8) Observable symptoms, measurable progress, and the revolving door. For payment of services there had to be improvement goals, and for evidence of improvement there had to be observable and measurable changes, observable symptoms, as our handlers put it. So, in place of asylum and hospital sanctuary there were now half-way houses with a care-system aimed, not at relapse prevention but at interminable progress, meaning improvement without end.

This, of course, led to hapless patients pushed to the point of their incompetency, following which patients would inevitably end up re-hospitalized. (I suspect that that process contributed to, if not created, the system’s revolving door phenomenon.)

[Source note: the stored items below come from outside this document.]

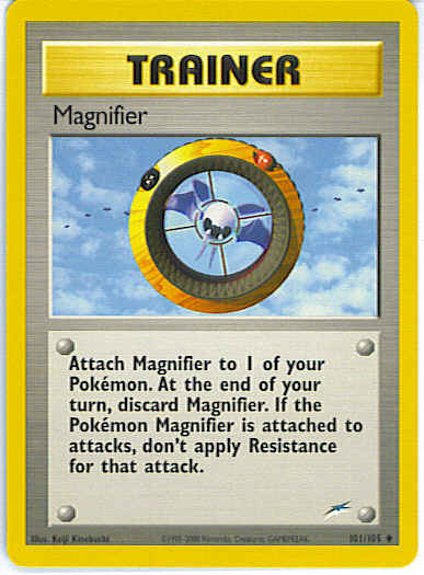 Evne Attach Magnifier to 1 of your Pokemon. At the end of your turn, discard Magnifier. If the Pokemon Magnifier is attached to attacks, don't apply Resistance for that attack.
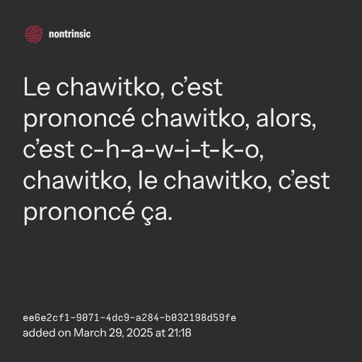 📤 shareLe chawitko, c’est prononcé chawitko, alors, c’est c-h-a-w-i-t-k-o, chawitko, le chawitko, c’est prononcé ça.
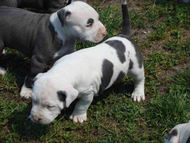 Štěňata amerického pitbulteriéra blue-line (M/Ž). Naše štěňata pitbulteriéra jsou stará 12 týdnů, mají cestovní pas EU, jsou plně očkovaná, odčervená a čipovaná. Štěňata pitbulteriéra jsou přítulná, hravá, ostražitá, mají ráda děti a snadno se cvičí. Ráda chodí na procházky, ale snadno vynechají dlouhé túry. Jsou to skuteční rodinní psi a dají se vzít kamkoli s sebou.
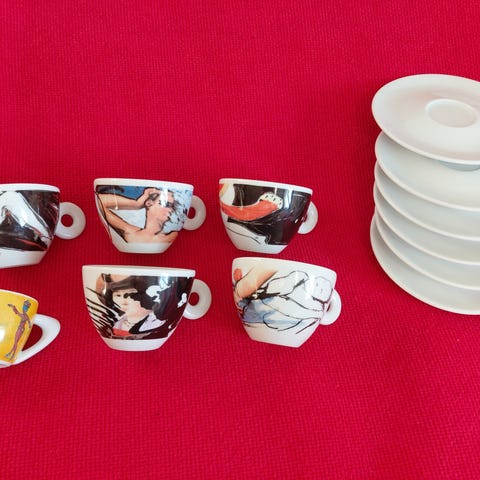 4 super fine Italienske espressokopper med underkopper. Richard Ginori. Meget gamle og sjældne. I super fin stand, ingen skår eller afslag og få brugsspor. Farverne er grøn, mint, lyserød og orangegul. Søde som sæt, men kan også fint mixes i farverne. Meget fine og tynde i porcelænet. Ægte vintage. Sælges kun samlet. Prisen er for alle 4 sæt.
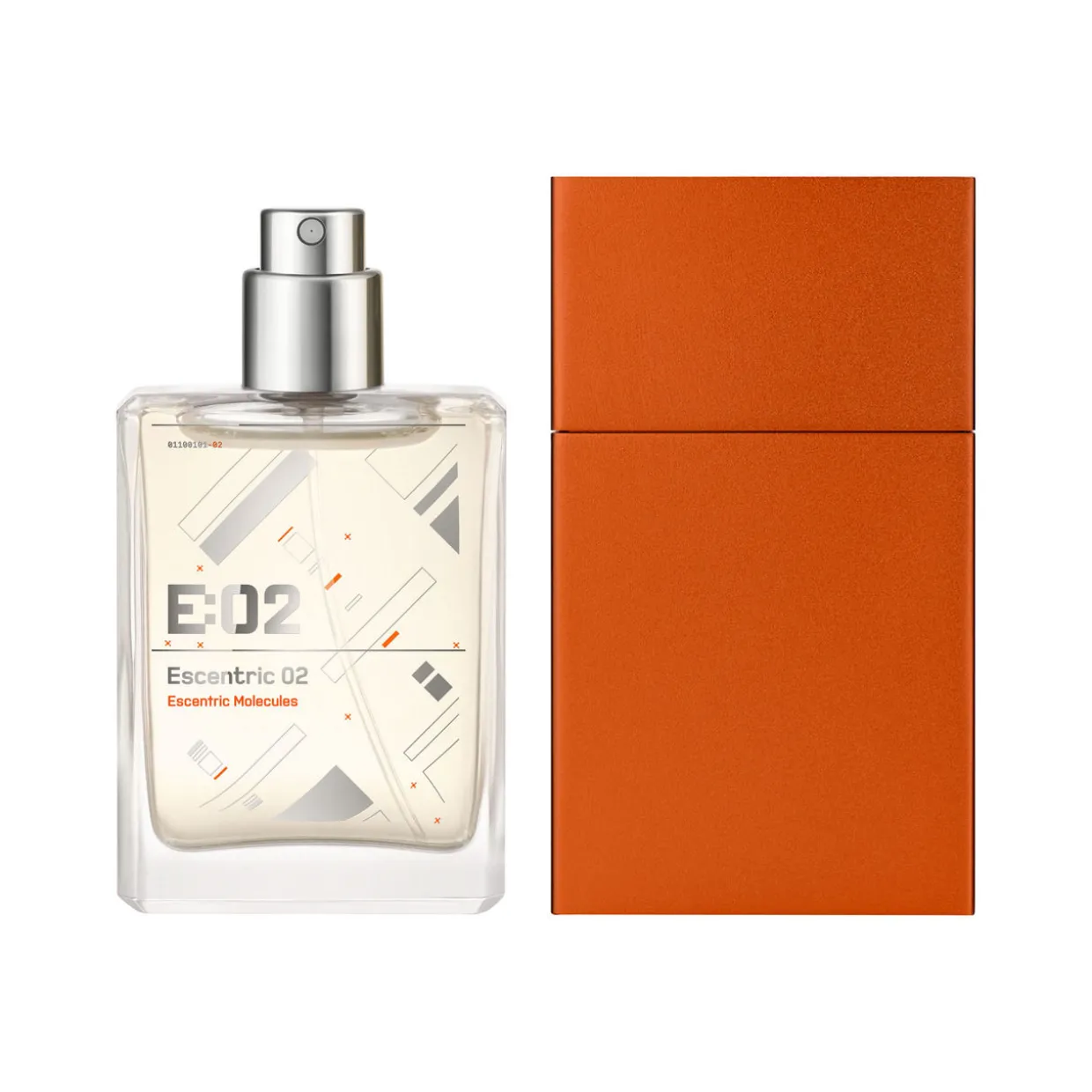 Escentric 02 uses an unparalleled concentration of ambroxan, in combination with vetiver and muscone, a particularly gorgeous nature-identical musk. Orris, elderflower extract and hedione add to the instant effervescence of the topnote. It’s a clear, clean scent, but it dries down to something warm, sexy and elusive.
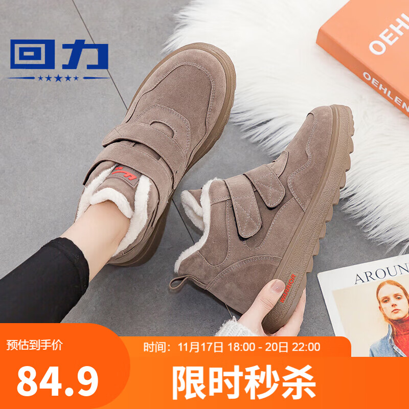回力(Warrior)棉鞋女雪地靴妈妈棉靴加绒加厚保暖棉鞋 KGH0086B 棕色 38
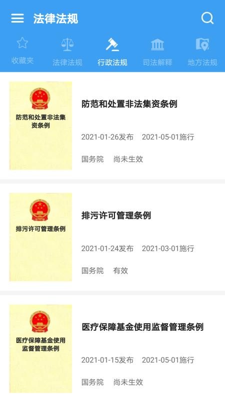 4、在行政法规专区,了解国务院制定和发布的法律条文,阅读有效的法律
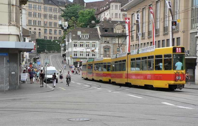 Передвижение по центру города, как и по окраинам, а также соседнему кантону Базель-Ланд и даже приграничному немецкому городу Валь-ам-Райн производится преимущественно посредством единой системы трамваев. Сама территория Базеля поделена на определенные зоны, в зависимости от которых колеблется и стоимость билета. За одну транспортную зону, которая включает в себя исключительно область внутри города, придется заплатить 2 EUR (2,2 CHF), воспользовавшись билетом на одну поездку. За первую же в совокупности со второй, в которую также входит большинство населенных пунктов Базель-Ланда —всего лишь 2,2 EUR (2,4 CHF).
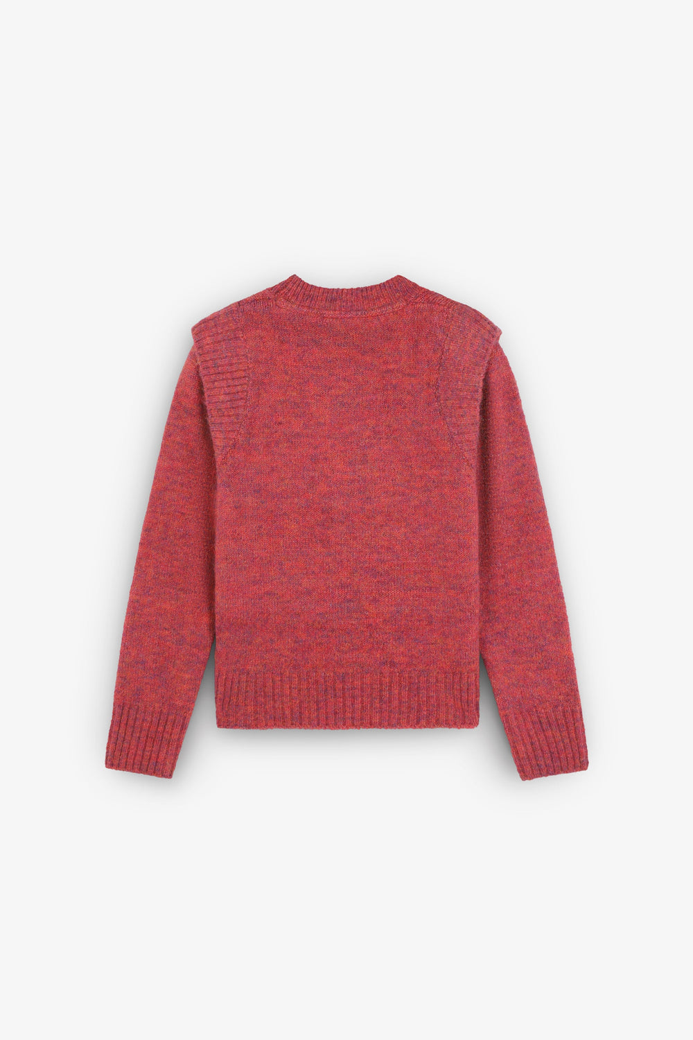 Knit sweater. Long sleeves. Round neck. Ribbed trim. Metallic skull detail.
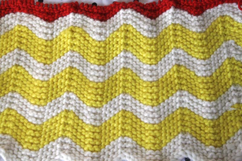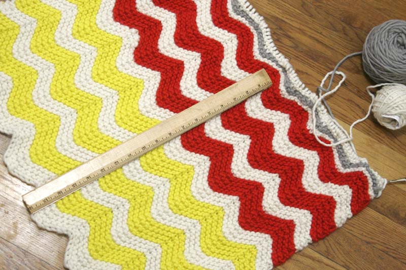 But if I were to make this blanket again, I’d make each color stripe only three garter rows instead of four, and I’d go ahead and buy an extra skein of white yarn from the get-go. So if you’re a loose knitter (which I know now that I am), I’d recommend those modifications. Another thing I learned about knitting loosely is that you’ll end up with a slightly bigger blanket than the pattern indicates. So if you leave out some rows, that would make up some of the difference.
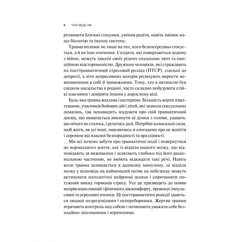 Психічні травми та стрес мають тривалі наслідки, які істотно псують життя та здатні впливати на фізичне самопочуття та здоров’я. Одужанню від емоційних травм, їхній природі, наслідкам та поверненню до здорового життя і присвячена книга «Тіло веде лік. Як лишити психотравми в минулому» професора Бессела Ван дер Колка.
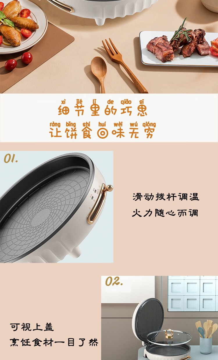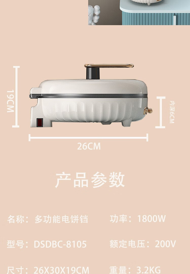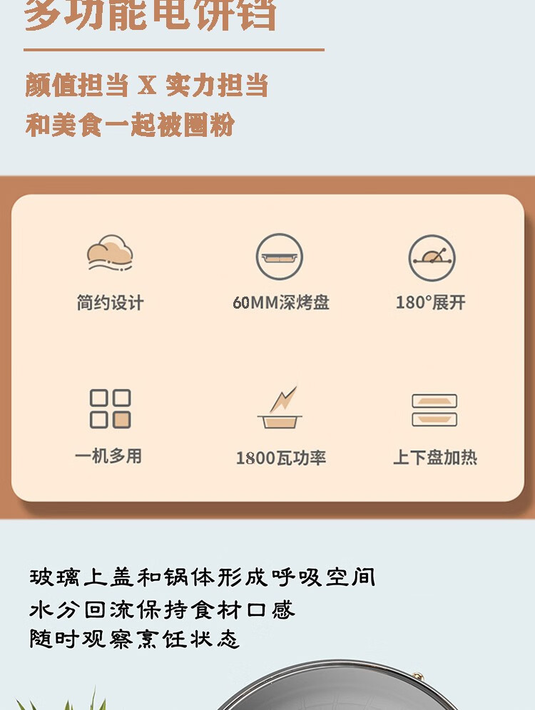 都市太太都市太太高尔夫系列多功能电饼铛家用电饼铛双面加热1800W大火力早餐机煎烤机
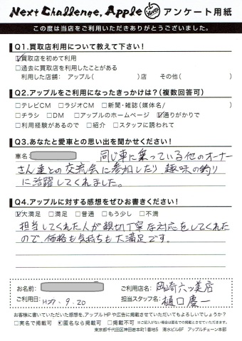 お車のご相談・ 査定だけでもOK! カンタン 入力 30秒 アップルがブランド買取始めました! お電話でも受付中! 受付時間10:00 ~ 19:00 (第4・第5月曜日は18:00閉店の場合あり) 0564-58-1700 お車のご相談・ 査定だけでもOK! カンタン 入力 30秒 アップルがブランド買取始めました! お電話でも受付中! 受付時間10:00 ~ 19:00 (第4・第5月曜日は18:00閉店の場合あり) 0564-58-1700 アップルがブランド買取始めました! お電話でも受付中! 受付時間10:00 ~ 19:00 (第4・第5月曜日は18:00閉店の場合あり) 0564-58-1700 店舗情報 在庫車 スタッフ紹介 ブログ お客様の声 キャンペーン 無料査定 click お客様の声 ご記入日: 2015/09/20 T様 担当してくれた人が親切丁寧な対応をしてくれたので、価格も気持ちも大満足です。 前へ 次へ お客様の声一覧を見る
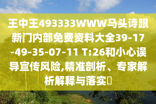 王中王493333WWW馬頭詩跟新門內部免費資料大全39-17-49-35-07-11 T:26和小心誤導宣傳風險,精準剖析、專家解析解釋與落實?

9) Contaminating legalities. At that time, there emerged with greater intensity the operational fiction that if something is not written down it officially never happened. Conversely, if something is written down it did happen; encouraging, of course, bogus notes in records while promoting defensive practice and a culture of indifference.

10) Gaming the system. No surprise that some people suffering mental illness whose behavior fell short of behavioral criteria for hospital care (ie, danger to oneself or others or inability to care for oneself) learned to threaten danger as their key to entering a hospital for safety, relief, and healing. No surprise that that behavior was labelled, gaming the system, a notion that, ironically, both empowers and diminishes that erstwhile patient while sadly missing the point.

An unexpected and ironic dividend

Over the years we psychiatrists have discovered and demonstrated an aptitude for psychopharmacology and for contributing to its reach and effectiveness. About the placebo, it remains a transference presence. Its effect is noted and respected, but we no longer prescribe the placebo. We are the placebo.

Disclosures:

Dr Climo is the author of Psychiatrist on the Road: Encounters in Healing and Healthcare, an account of his Locum Tenens experience.

References:

1. Rogers v Commissioner of Department of Mental Health. 390 Mass. 489; 1983.